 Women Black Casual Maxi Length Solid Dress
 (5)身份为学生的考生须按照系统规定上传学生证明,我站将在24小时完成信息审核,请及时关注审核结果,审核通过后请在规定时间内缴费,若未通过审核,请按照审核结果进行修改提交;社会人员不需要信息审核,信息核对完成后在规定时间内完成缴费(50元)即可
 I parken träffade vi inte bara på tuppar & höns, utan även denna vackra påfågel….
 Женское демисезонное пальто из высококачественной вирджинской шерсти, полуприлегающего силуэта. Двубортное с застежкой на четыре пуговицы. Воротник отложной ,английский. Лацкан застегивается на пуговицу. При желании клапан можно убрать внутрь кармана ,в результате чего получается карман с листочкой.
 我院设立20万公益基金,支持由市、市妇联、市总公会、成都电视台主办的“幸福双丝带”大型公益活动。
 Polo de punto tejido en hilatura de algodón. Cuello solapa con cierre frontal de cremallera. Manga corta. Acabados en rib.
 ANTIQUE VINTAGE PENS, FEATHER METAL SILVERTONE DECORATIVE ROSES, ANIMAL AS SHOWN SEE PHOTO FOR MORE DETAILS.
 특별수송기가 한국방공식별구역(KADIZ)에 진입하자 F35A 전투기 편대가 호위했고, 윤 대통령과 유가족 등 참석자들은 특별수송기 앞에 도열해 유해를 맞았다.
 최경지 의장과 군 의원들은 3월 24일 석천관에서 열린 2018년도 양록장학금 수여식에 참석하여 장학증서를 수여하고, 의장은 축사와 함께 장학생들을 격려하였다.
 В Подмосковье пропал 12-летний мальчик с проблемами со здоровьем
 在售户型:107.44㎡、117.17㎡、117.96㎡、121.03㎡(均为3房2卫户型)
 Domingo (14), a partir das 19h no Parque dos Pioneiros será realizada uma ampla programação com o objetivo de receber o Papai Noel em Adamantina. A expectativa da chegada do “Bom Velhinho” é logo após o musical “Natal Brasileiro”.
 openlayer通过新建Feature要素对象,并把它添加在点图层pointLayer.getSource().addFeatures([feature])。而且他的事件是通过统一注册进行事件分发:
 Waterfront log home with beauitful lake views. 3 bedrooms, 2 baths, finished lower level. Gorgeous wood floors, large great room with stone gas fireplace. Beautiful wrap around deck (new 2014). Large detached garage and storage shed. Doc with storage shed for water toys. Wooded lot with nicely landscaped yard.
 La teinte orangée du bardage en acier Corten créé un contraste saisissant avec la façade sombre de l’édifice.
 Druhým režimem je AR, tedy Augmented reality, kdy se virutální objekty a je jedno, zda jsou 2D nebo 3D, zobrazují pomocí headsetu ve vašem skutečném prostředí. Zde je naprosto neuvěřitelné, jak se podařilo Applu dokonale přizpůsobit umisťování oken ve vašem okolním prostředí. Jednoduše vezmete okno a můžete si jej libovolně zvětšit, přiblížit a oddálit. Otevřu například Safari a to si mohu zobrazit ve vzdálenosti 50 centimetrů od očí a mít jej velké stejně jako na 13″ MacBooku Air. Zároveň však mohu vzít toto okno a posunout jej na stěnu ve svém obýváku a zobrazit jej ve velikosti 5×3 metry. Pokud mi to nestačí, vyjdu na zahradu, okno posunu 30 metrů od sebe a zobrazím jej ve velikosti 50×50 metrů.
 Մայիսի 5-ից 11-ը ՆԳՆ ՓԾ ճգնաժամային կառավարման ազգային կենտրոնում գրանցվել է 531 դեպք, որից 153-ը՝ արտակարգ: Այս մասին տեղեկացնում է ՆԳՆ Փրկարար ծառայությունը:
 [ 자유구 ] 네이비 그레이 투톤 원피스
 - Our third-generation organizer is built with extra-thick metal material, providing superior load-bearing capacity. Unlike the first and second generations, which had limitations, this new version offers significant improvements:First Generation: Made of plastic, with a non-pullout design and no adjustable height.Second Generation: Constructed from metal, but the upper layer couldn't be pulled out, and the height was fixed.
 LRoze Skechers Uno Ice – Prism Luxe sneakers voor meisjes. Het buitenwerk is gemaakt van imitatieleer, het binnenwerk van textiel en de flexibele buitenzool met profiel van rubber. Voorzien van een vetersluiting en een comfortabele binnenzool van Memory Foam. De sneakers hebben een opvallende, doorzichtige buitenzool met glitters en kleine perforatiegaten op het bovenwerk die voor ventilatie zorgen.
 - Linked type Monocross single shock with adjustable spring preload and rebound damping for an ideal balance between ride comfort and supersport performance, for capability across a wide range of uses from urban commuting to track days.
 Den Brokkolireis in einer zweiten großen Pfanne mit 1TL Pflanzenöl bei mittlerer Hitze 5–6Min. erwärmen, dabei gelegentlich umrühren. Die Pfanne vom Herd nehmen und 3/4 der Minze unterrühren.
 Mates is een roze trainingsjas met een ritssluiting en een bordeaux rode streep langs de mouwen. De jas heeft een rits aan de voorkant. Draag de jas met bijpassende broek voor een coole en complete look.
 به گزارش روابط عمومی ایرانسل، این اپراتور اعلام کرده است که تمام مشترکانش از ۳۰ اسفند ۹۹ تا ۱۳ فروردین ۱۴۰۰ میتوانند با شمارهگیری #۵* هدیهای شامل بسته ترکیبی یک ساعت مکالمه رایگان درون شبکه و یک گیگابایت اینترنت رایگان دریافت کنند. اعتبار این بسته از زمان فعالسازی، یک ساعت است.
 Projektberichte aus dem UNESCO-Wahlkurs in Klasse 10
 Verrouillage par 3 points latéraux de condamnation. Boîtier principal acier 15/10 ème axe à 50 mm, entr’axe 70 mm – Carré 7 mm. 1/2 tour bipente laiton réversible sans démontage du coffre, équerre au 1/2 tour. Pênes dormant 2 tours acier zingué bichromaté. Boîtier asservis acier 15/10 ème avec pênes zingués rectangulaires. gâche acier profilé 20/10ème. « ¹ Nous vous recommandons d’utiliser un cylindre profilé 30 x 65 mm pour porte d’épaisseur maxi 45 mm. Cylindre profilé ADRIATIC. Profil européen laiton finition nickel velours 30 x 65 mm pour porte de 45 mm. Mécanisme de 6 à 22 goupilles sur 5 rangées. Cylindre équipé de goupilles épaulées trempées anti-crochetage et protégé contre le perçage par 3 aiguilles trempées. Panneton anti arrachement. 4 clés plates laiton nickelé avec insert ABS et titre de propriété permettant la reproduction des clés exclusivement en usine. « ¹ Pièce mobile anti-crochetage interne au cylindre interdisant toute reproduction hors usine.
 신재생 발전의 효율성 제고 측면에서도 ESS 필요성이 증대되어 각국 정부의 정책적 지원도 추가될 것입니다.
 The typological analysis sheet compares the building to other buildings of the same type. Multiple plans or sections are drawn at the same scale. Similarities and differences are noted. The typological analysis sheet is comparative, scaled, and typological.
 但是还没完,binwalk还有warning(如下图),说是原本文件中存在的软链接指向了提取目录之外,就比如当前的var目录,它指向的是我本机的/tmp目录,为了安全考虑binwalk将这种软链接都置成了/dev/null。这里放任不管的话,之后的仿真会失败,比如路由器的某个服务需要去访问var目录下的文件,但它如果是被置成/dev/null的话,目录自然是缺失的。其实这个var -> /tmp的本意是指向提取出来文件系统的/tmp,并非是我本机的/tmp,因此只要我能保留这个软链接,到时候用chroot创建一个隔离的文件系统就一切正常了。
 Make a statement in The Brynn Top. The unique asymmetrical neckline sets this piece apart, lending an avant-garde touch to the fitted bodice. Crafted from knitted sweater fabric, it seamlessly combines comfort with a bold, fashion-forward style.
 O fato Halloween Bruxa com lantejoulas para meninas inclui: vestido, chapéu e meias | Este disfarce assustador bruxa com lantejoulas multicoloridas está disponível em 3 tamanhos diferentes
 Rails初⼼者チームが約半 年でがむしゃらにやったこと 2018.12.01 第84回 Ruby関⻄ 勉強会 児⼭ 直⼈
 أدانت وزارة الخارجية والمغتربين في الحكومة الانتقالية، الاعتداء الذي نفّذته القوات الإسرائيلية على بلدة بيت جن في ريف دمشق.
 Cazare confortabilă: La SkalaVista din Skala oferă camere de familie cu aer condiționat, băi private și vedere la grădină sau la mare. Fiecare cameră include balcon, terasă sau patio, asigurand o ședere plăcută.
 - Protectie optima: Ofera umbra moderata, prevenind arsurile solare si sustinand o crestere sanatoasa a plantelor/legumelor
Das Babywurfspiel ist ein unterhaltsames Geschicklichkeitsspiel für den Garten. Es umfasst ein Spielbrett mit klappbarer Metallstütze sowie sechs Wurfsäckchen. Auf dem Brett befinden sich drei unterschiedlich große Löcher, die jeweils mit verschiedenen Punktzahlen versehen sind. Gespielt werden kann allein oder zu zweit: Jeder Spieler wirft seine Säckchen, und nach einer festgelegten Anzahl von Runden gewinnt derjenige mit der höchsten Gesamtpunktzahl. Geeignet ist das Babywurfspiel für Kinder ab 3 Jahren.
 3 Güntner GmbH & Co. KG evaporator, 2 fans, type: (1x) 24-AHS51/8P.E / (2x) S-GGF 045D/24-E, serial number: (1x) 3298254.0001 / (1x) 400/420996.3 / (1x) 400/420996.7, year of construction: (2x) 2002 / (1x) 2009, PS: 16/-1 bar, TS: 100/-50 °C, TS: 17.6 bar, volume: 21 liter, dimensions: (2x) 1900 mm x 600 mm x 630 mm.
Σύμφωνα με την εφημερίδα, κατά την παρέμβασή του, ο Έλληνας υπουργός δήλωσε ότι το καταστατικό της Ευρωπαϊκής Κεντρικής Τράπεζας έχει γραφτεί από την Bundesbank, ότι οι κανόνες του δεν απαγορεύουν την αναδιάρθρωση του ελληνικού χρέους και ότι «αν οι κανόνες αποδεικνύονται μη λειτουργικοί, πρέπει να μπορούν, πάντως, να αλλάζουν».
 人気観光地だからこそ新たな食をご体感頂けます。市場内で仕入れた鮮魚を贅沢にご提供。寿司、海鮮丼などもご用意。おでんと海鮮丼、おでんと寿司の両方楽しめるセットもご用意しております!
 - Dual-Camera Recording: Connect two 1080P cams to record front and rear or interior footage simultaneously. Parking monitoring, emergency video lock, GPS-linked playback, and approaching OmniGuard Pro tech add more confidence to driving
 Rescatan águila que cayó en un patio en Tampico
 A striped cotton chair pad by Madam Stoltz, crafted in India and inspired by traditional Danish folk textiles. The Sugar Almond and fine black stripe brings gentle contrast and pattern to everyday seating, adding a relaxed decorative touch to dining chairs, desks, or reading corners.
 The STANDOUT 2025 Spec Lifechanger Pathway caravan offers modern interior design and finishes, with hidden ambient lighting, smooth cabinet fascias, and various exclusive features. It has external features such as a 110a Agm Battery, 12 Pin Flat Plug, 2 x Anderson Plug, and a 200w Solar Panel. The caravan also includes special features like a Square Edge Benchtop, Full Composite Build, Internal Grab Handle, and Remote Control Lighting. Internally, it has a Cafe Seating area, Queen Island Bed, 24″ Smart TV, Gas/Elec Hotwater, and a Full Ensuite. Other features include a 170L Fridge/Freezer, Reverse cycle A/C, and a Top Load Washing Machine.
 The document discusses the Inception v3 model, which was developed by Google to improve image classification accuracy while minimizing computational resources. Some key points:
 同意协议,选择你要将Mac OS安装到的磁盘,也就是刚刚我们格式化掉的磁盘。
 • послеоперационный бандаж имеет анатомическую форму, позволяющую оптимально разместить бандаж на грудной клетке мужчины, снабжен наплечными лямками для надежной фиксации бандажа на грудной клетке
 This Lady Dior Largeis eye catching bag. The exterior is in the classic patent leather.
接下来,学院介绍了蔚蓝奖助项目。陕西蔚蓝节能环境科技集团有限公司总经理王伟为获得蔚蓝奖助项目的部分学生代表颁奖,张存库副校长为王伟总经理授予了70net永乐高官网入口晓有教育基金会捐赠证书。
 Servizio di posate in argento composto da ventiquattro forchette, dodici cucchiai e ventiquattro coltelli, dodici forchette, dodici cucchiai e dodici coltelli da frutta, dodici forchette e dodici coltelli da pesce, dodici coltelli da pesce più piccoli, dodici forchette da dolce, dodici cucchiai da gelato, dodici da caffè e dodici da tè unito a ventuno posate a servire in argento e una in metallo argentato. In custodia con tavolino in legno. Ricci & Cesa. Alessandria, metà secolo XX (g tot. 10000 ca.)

+-------+

Beginning at the line with "Женское демисезонное пальто" and ending at the line with "В Подмосковье пропал", reproduce each line of the data above exactly, and add no other lines.

 Женское демисезонное пальто из высококачественной вирджинской шерсти, полуприлегающего силуэта. Двубортное с застежкой на четыре пуговицы. Воротник отложной ,английский. Лацкан застегивается на пуговицу. При желании клапан можно убрать внутрь кармана ,в результате чего получается карман с листочкой.
 我院设立20万公益基金,支持由市、市妇联、市总公会、成都电视台主办的“幸福双丝带”大型公益活动。
 Polo de punto tejido en hilatura de algodón. Cuello solapa con cierre frontal de cremallera. Manga corta. Acabados en rib.
 ANTIQUE VINTAGE PENS, FEATHER METAL SILVERTONE DECORATIVE ROSES, ANIMAL AS SHOWN SEE PHOTO FOR MORE DETAILS.
 특별수송기가 한국방공식별구역(KADIZ)에 진입하자 F35A 전투기 편대가 호위했고, 윤 대통령과 유가족 등 참석자들은 특별수송기 앞에 도열해 유해를 맞았다.
 최경지 의장과 군 의원들은 3월 24일 석천관에서 열린 2018년도 양록장학금 수여식에 참석하여 장학증서를 수여하고, 의장은 축사와 함께 장학생들을 격려하였다.
 В Подмосковье пропал 12-летний мальчик с проблемами со здоровьем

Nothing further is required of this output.